Thin slice (1 mm) computed tomography (CT) scans and multi-planar reconstructions were used to assess the fusion condition. All measurements were conducted on a CT Advanced Workstation 4.4 (GE, USA). The graft fusion area was evaluated based on the pre and postoperative CT scans. The metal artifact reduction technique was used in post-operation CT scan after instrumented spinal surgery. The restored disc height, graft fusion area, and graft fusion volume, including results of the preoperative plan and the actual surgery, were measured and calculated. All parameters of the preoperative plan were calculated based on a 30% area of the target fusion disc [18]. Additionally, these parameters were compared using a stratification analysis according to different disc heights and different levels. The minimum required bone volume (MRBV) was calculated by subtracting the volume of the cage used from the planned graft fusion volume. The volume parameters of the cage of different model numbers were provided by Sichuan Guona Tech Co.

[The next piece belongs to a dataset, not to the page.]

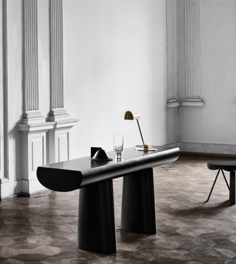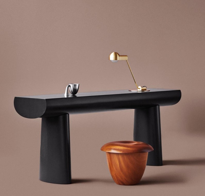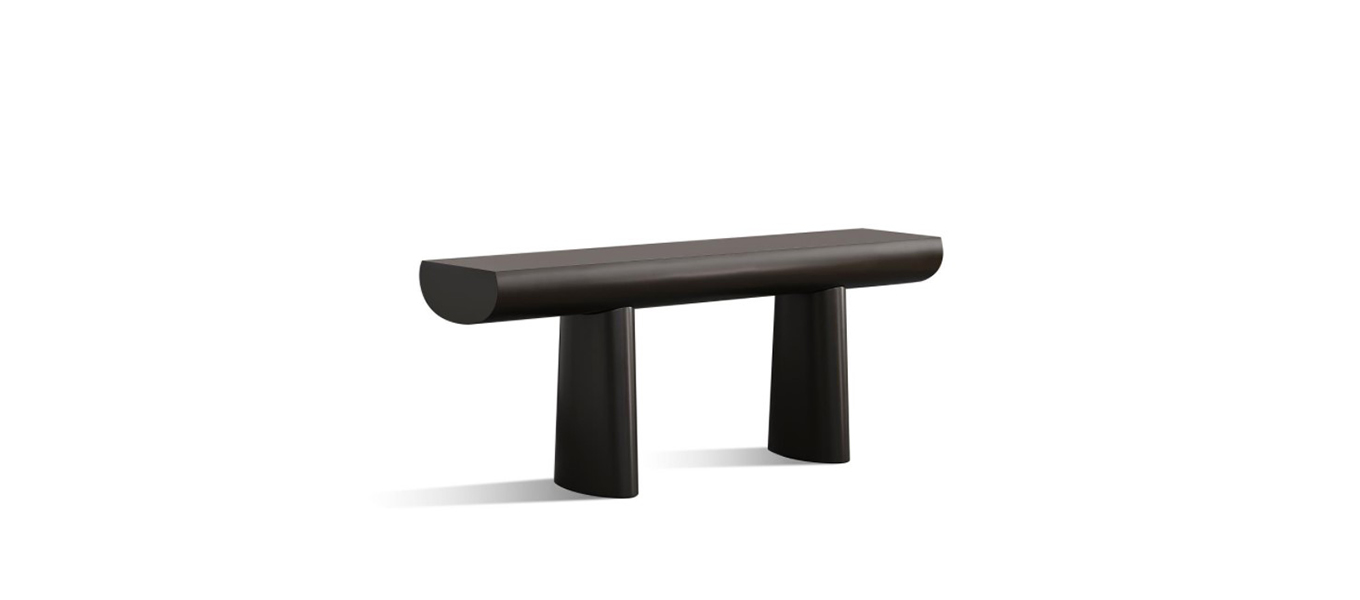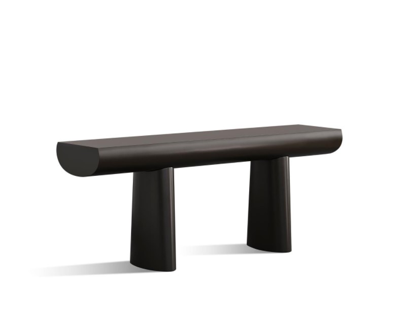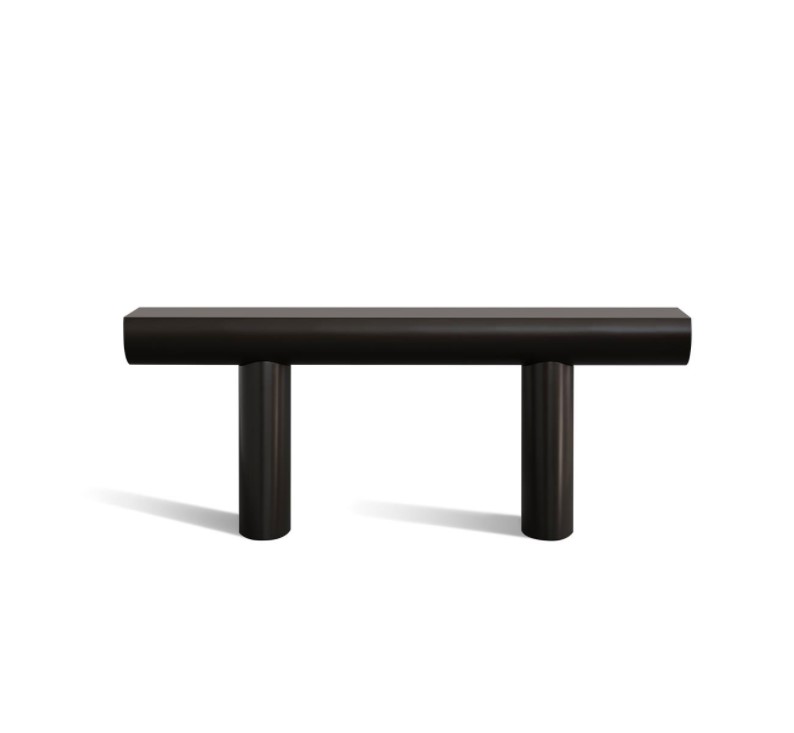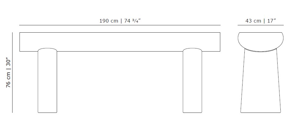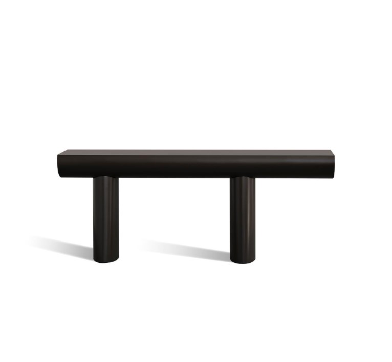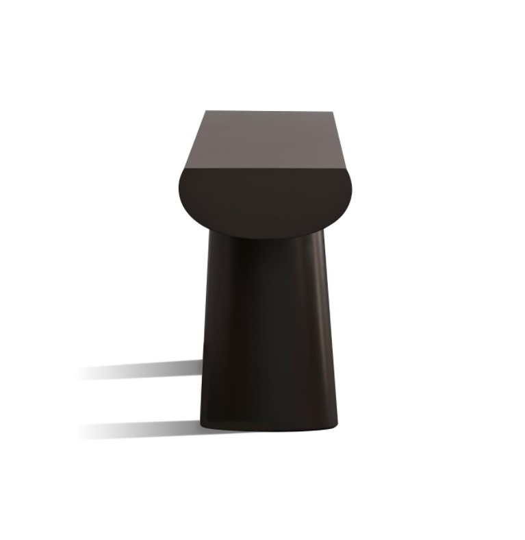 Tranquil and seductive, Aldo Bakker’s Console Table floats exquisitely between sculpture and furniture. It depicts the simplest concept of a table: two columns and a surface. The legs are an elongation of the line created by the tabletop. The tabletop and the base of the legs have the same width, making them equally important to the design. The distance between the legs is not fixed, but can be changed as preferred, adding to the sculptural quality of this piece. Color: Dark Sepia.

Fusion status was assessed using the Brantigan classification [19] at 6 months, 1 year, and the last follow-up postoperatively. Successful fusion was defined as 4th and 5th fusion grades.

A representative case is presented in Fig. 2.

Fig. 2
figure 2

A series of post-operative computed tomography (CT) images of a 52-year-old female patient with L4–5 spinal stenosis reflecting the fusion progress over time. A Post-operative CT scan showing the fusion area; B the fusion grade of 3 at postoperative 6 months; C fusion grade of 4 at postoperative 12 months; and (D) fusion grade of 5 at the last follow-up

Statistical analysis

All statistical analyses were conducted using SPSS (version 24.0, IBM Corp., Armonk, NY, USA). The normality of the data was tested using the Shapiro-Wilk test. Normally distributed continuous data were expressed as mean and SD and compared using the Student’s t-test. Between-group comparisons were made using a 1-way or repeated-measures ANOVA, followed by a pairwise comparison. The Chi-square (χ2) or Fisher’s exact tests were used to compare the frequencies of categorical data. A p-value of < 0.05 was considered statistically significant.

Results

Patient characteristics

We included 158 patients undergoing P-TLIF at our hospital during the study period, of which 11 were lost to follow-up (10 were lost due to a change in the contact details or address, 1 was lost due to death caused by a heart attack) and these patients with incomplete data were excluded from the study. The remaining 147 patients (males: n = 87, 59.1%; females: n = 60, 40.9%) were included in the final analysis. The demographic characteristics of these 147 patients are presented in Table 1. The mean operative time for all patients was 128.07 ± 18.93 minutes and the mean intraoperative blood loss was 248.7 ± 107.31 mL. On average, the hospital stay after surgery was 7.21 ± 0.94 days. The mean follow-up period was 28.41 ± 4.49 months.

Table 1 Demographic characteristics of 147 Patients

The VAS score for LP decreased from 6.52 ± 0.68 preoperatively to 1.73 ± 0.74 postoperatively and 1.40 ± 0.94 at the last follow-up (p = 0.00). Likewise, the VAS score for LBP changed from 4.18 ± 1.57 preoperatively to 2.09 ± 0.94 postoperatively and 2.23 ± 0.68 at the last follow-up (p = 0.00). The ODI values decreased from 50.54 ± 7.17 preoperatively to 22.78 ± 6.62 postoperatively and 17.95 ± 3.62 at the last follow-up (p = 0.00) (Fig. 3).

Fig. 3
figure 3

The improvement in visual analog scale score for low back pain (A) and leg pain (B), and the improvement in Oswestry Disability Index (C) after surgery along with the change in each outcome over time. *statistical significance between the preoperative and any postoperative value

Measurement of LAMB

The mean volume and weight of the LAMB obtained from decompression was 3.50 ± 0.45 mL and 3.88 ± 0.47 g, respectively. Stratification analysis showed that the patient’s age and diagnosis were related to the volume and weight of LAMB (p < 0.05), i.e., the elder the patient, the more LAMB could be harvested. The maximum amount of bone was harvested from patients who underwent surgery for spondylolisthesis (3.62 ± 0.43 mL, 4.04 ± 0.44 g). Sex, body mass index (BMI), pathological levels, and side were not associated with LAMB volume and weight (p > 0.05) (Table 2).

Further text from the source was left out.